Category Archives: Holiday

Be It Resolved

At last, 2013 comes to a close. Some who know me know this has been a very rough year. Overall there is no end to my blessings, though. Family, friends, near and far, all are always in mind and heart.

But there is one thing I find so annoying, that I tend to shirk every social post and comment about it.

NEW YEAR’S RESOLUTIONS!!!

Don’t get me wrong. I do like to socialize and have fun and watch fireworks and ring in the New Year. Out with the old, in with the new, right? (Which reminds me: I need to go through my closet and downsize.) But every time January rolls around, everyone asks me the same thing: What’s your New Year’s resolution?? Why, WHY, WHY do I need to make any?

2014

I like food.
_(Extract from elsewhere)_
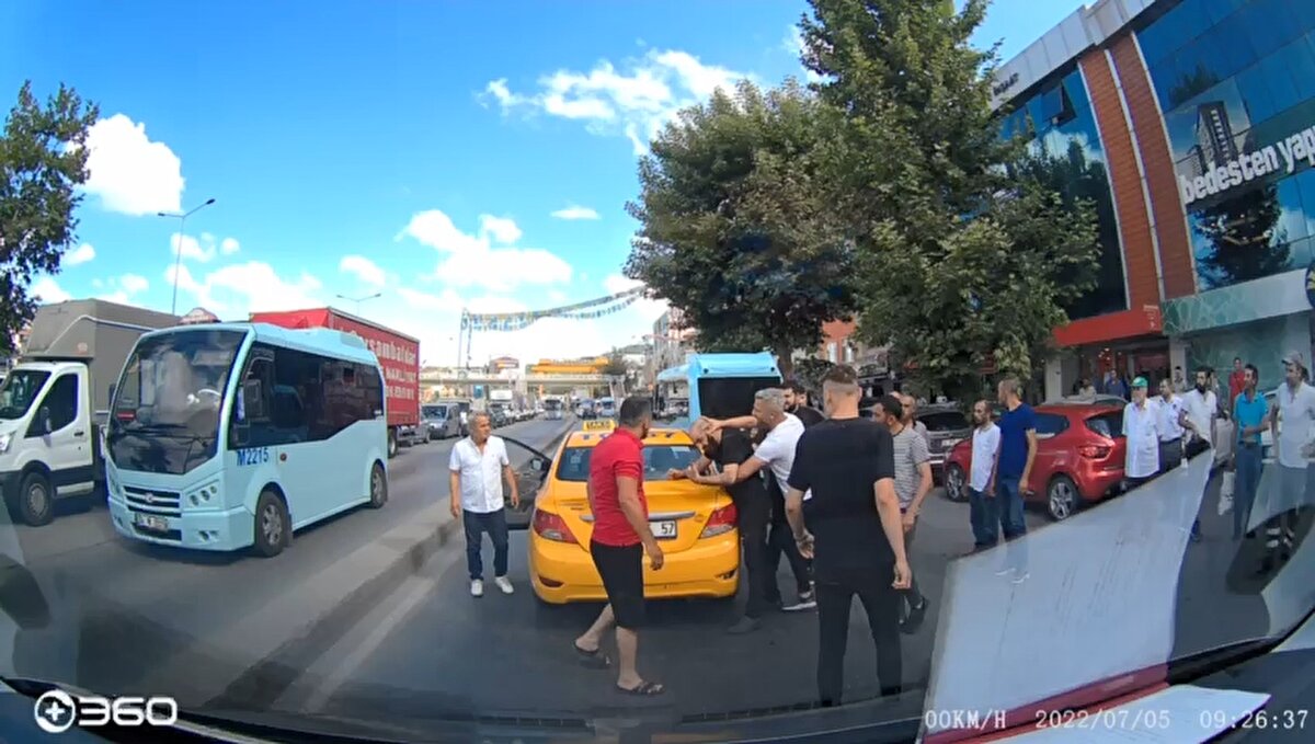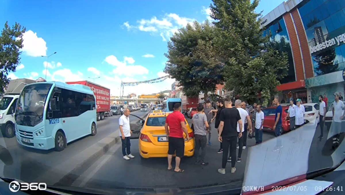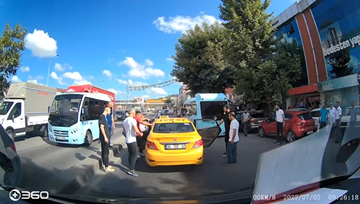 Pendik'te kendisini darbeden bir erkekten kaçan kadın, yoğun trafikte bir taksiye binerek kurtulmaya çalıştı. Arkasından taksiye binip kadını hırpalamaya devam eden saldırgana, çevredekiler müdahale etti. Tekme tokat dövülen saldırgan kaçarak uzaklaştı. Olayın görüntüleri trafikteki bir sürücünün araç kamerasıyla kaydedildi.

I like drink. I fit into my clothes. I love and take care of my family. I take care of my health. I call my folks. I keep in touch with friends. In short, I do everything that covers most resolutions, including staying out of jail, and carrying bail money for those who don’t. So no, I won’t be making any resolutions any more. I am better off correcting myself throughout the year than piling everything on at once.

Besides, there’s always Lent for that 😀


Good Tidings!

It’s Christmas Eve Eve!! And I am excited because I just LOVE to run around like a stormtrooper at a rebel firing range.

stormtrooper christmas 1

I have ONE MORE DAY to get everything organized and wrapped and shipped out and stuff cooked and baked and call people and go around the neighborhood dropping off goodies and packing and cleaning and dusting and clearing out empty boxes and making sure that Santa can find his way from the chimney to the tree with no dog obstacles.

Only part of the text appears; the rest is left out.